繰り返しますが、多くの人々がGAFAの恩恵を受けていると思います。しかしその恩恵にあやかりつつ、たとえ抗う術が無いにせよ、「いつか身を奪い尽くされるかもしれない」という危機感を覚えることが重要なのです。明確な解決法は提示されなくとも、書物は往々にして「ただ知るということ」の大切さを教えてくれるのです。


旬のビジネス書なので、サラリーマンの方はぜひ。全編に著者の皮肉とユーモアがピリッと効いているので、退屈せずに読める本です。

 

その2

『健康の結論』

堀江貴文 著 予防医療普及協会 監修 KADOKAWA 2018)


ホリエモンの最新作。冒頭から

「僕は200年生きると決めた。」

というインパクトのあるフレーズが飛び出します。

 

ヒトが100年以上生きるなんて、今でもSFじみて聞こえますが、2016年に発売され、30万部を突破している『LIFE SHIFT(ライフ・シフト)』によれば、2107年の先進国の社会においては、医療技術の発達により、人口の過半数が100歳以上も長生きするのだそうです。

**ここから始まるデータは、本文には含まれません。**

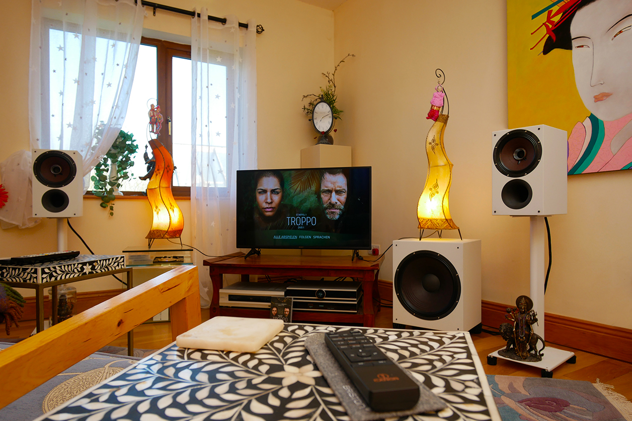 In casa 6moons, Vibron footers beneath Zu Method monitor stands and Zu Method subwoofer.

現時点でそんな推測がなされるなら、30年後には平均寿命が150歳になったとしてもおかしく無いでしょう。


これでは貯金はいくらあっても足りないし、人口爆発という問題も併発されるでしょうけど、我々は命を授かった以上は、自殺せず絶望せず、健康に人生を全うすべきなのです。


そんな寿命100年時代に向け、現行の医療サービスと知識で、『防げる死は防ぐ』と説く堀江氏。メンタルヘルスからガンの除去まで、あらゆる病気を退けるための指南書です。


「ってか、いちいち指図すんなよめんどくせぇ!好き勝手に生きて、好き勝手に死にてぇんだよ!」


というロックな方も多いと思いますが、大病患って半身不随で「アー」とか「ウー」とか言いながら小便すら自分一人じゃままならない寝たきり生活を送るより、たとえ100歳過ぎてなおコンビニ店員としてバイト暮らししたとしても、ボケずに健康で生きたいと思いませんか?


ってか、99パーセントの確率で生涯独身のオレとしては、ボケたり寝たきりになったりガンを患ったりしたらその時点で『ゲームオーバー』なので、絶対に『死ぬまで元気に生きていく』つもりなのです。
可愛い姪っ子のウェディングドレス姿も見たいですし。

 

その3


エロマンガ表現史』

(稀見理都 著 太田出版 2017)


二次元でシコる全ての人々に送りたい一冊。


乳首残像、触手、「くぱぁ」とか「らめぇ」といった独特な音響表現など、エロマンガの表現の黎明期を紐解く“学術書”です。


極めて真面目な書物なのですが、扱っている題材が題材だけに、本書で引用される資料も“大変に煽情的”でして、残念ながら北海道では『有害図書』扱いとなってしまいました。残念無念。


葛飾北斎が『タコとヤってる春画』を書いても、現代人からすれば猥褻どころか芸術(アート)扱いだというのに、みさくらなんこつ先生が『ふ◯なり美少女がアヘ顔ダブルピースする』絵を書いたら即アウトなわけで、エロい表現とは何とも扱い難いジャンルなのであります。

 

400ページ以上のボリュームかつ、お値段も約3000円と大変お高いですが、エロマンガを愛し、その独自の表現の変遷に想いを馳せる御仁(要するに変態)の方々は迷わず書いましょう。